James, thanks again. I am grateful to have you on the show. You’re definitely a perfect guest and can provide so much, just up-to-date current information to the listener and myself of what – I mean, what we need to know if we’re active in this space. Maybe if we’re not active, you can help catch us up as well. Let’s jump in. Maybe you can give us a little more background on yourself in case the listeners haven’t heard of you before and then let’s do it.

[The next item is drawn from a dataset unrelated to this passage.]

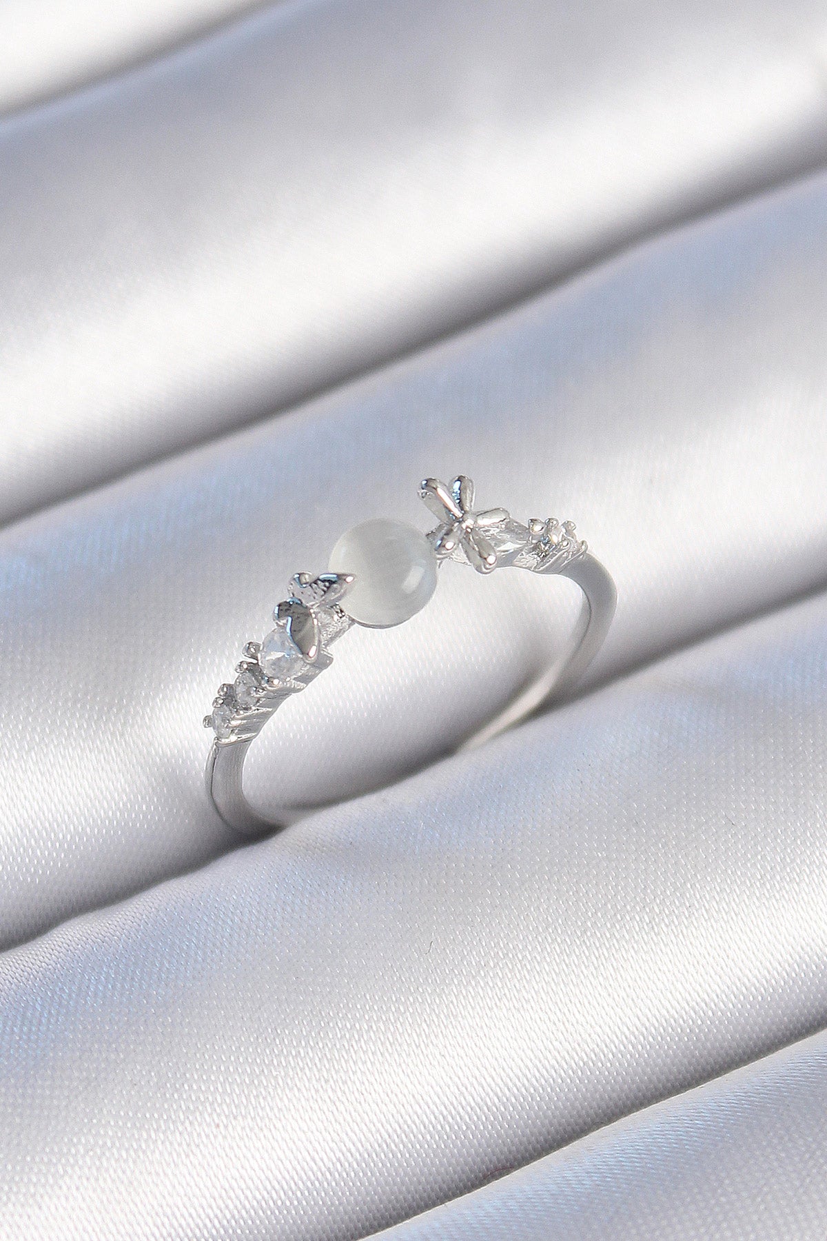 Pirinç Gümüş Renk Zirkon Taşlı Beyaz Mineli Kelebek Detay Kadın Yüzük
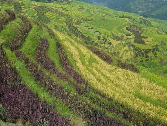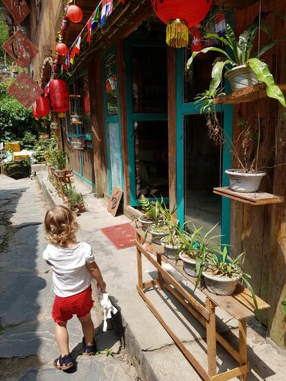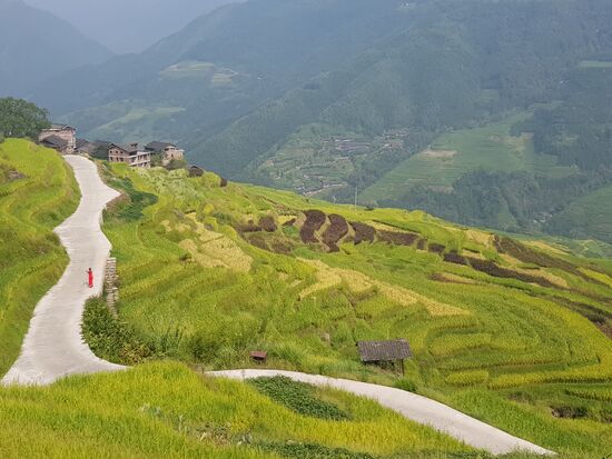 Kurz haben wir uns gefragt, wo mit einmal all die Busladungen an Touristen hin sind, aber an diesem Aussichtspunkt waren wir nur unter einigen wenigen, die von dort kleine individuelle Wanderungen durch die Terrassen starteten. Hier hatten wir erst einmal ein bisschen Zeit, den Ausblick zu genießen. Vor uns lagen zwei vereinzelte Dörfchen in der Landschaft und wir konnten ein paar Fotos machen. Dann ging es direkt los. Mit unserer kleinen Gruppe und der Reiseleiterin vornweg sind wir durch die Terrassen geschlendert. Unsere Tochter haben wir ein bisschen getragen, viel ist sie aber auch selbst gelaufen, da die Wege, wie immer in China, sehr gut aufbereitet waren.

[00:01:48] JE: Yeah. A couple things not in the bio, I would say is born and raised in Houston, went to school in Austin at UT and really was a corporate guy for 10 years. Then really started looking at multifamily investing in 2015. At the time started originating loans as a mortgage broker, but then at the same time investing. I think that’s why I read so much and try to figure out every little nuance of multifamily from the general partner side, to the limited partner side, to the lendering side. Just understanding all the facets is what I do day in and day out.

[00:02:22] WS: I think it’s an interesting perspective that you’ve underwritten that many properties over that length of time. You’re a passive investor in so many deals as well. I just think you have such a rounded knowledge base and experience. Let’s jump right in though. Your expertise is lending, right? I mean, you’re an expert in that. Let’s just jump into what’s happening right now in the real estate market, what’s changed and just help the listener and myself get a better, or more clear picture of what we need to know right now.

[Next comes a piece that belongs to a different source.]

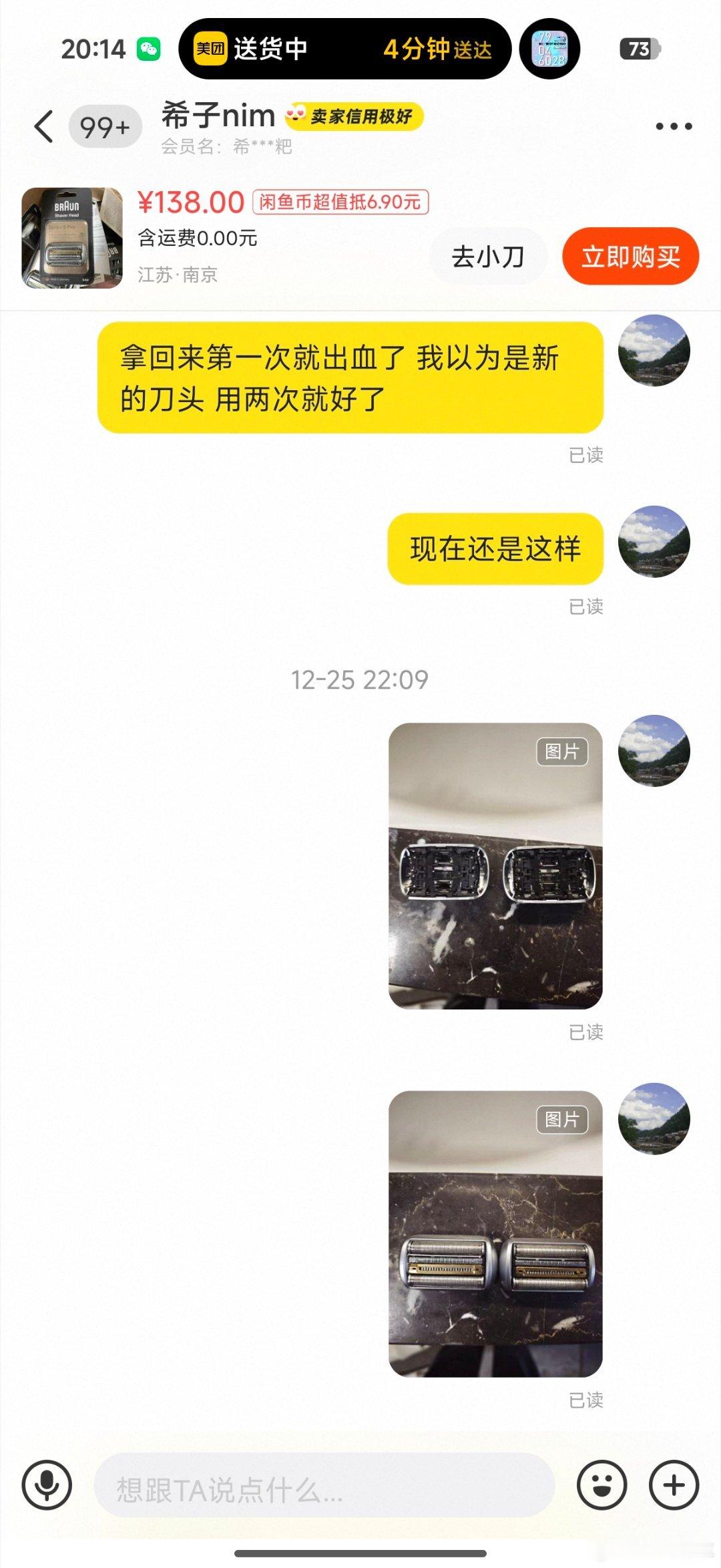 有的时候就得一步到位 越是想节约越是得不偿失 我的剃须刀博朗9系列的 原装的刀头已经有点刮不干净了 我就想买一个替换,原厂刀头一个399 我觉得太贵了,好多新的剃须刀也没这么贵 于是在某🐟里去找了一家说是原装刀头 其实我也想着不管是不是原装的,130块钱,只要好用就行 结果拿回来刮了几次,很容易刮出血,而且刮不干净我以为是新的需要磨合一下,结果用了十几次了,还是很容易划破,这个时候我才意识到,这踏马就是小作坊里的玩意儿 我就又重新买了一个刀头,根本就不疼,刮的特别干净,到头来还是没有节约到,还遭罪,联系卖家,这比给我装哑巴,已读不回,给差评还过了时间哈哈哈哈哈哈 武汉

[00:02:51] JE: Yeah. I mean, I would say beginning middle of March, once Trump made that announcement that no one can fly here to the US anymore, Fanny Freddie, they basically put in these reserves and they said, “Look, we’re going to still lend, but if you’re going to do a multi-family deal with us, it’s going to be 12 months of taxes, insurance, replacement reserves and 12 months of PNI.” That ended up being about 10% of the loan amount in additional reserves that you had to put up. That put the brakes on a lot of deals and put the brakes on bridge loans, recourse bank loans.

Everybody just went to only if you had to close a deal did you get it done, Fannie Freddie in March, April, May, I would say. Then in June, collections had been good, so Fannie and Freddie took off the taxes insurance and replacement reserves. Now you just have anywhere from nine to 12 months of PNI, depending on the size of the deal. That’s about 5% of a loan.

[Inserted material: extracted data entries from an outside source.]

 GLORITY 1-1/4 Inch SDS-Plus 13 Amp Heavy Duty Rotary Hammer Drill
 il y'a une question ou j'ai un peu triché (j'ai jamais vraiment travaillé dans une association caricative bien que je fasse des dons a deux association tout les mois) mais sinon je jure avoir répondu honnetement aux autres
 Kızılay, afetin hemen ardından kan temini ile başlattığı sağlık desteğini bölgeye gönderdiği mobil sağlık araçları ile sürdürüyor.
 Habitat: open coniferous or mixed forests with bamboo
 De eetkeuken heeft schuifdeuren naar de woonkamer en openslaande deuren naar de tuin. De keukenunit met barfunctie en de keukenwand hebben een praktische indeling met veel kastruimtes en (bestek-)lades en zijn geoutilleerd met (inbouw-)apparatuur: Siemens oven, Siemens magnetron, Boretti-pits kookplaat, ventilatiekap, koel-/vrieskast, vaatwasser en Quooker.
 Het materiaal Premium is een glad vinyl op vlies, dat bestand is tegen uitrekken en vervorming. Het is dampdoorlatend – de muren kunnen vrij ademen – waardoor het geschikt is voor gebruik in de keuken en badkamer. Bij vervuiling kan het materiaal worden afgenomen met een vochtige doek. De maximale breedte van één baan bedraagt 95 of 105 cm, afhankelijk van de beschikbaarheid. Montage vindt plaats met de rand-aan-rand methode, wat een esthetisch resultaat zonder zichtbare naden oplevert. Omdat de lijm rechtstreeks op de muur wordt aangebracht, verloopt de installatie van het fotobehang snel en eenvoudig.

What we saw was this summer, probably July, August into September is that now all the deals that were put on hold are back on the market. Here in Dallas where I live, I would say January, February when a lot of deals come out, there might be 25, 30 deals on the market. You are back to that number now. Everybody has come back on the market and whether it’s because people are scared of the tax rates changing, whether people are scared of I wanted to sell this deal.

Now I’ve held the deal longer for six more months and my investors want their cash, there’s a lot of deals on the market. What we’re seeing is there are a lot of buyers who have come back in as well. I would say more of the buyers are local buyers though. It is harder for people to jump on a plane from California and come to Texas. We’re seeing a lot more local buyers at these tours. There might be 15, 20 tours on a property, 5 to 10 offers, but a lot of the guys are local.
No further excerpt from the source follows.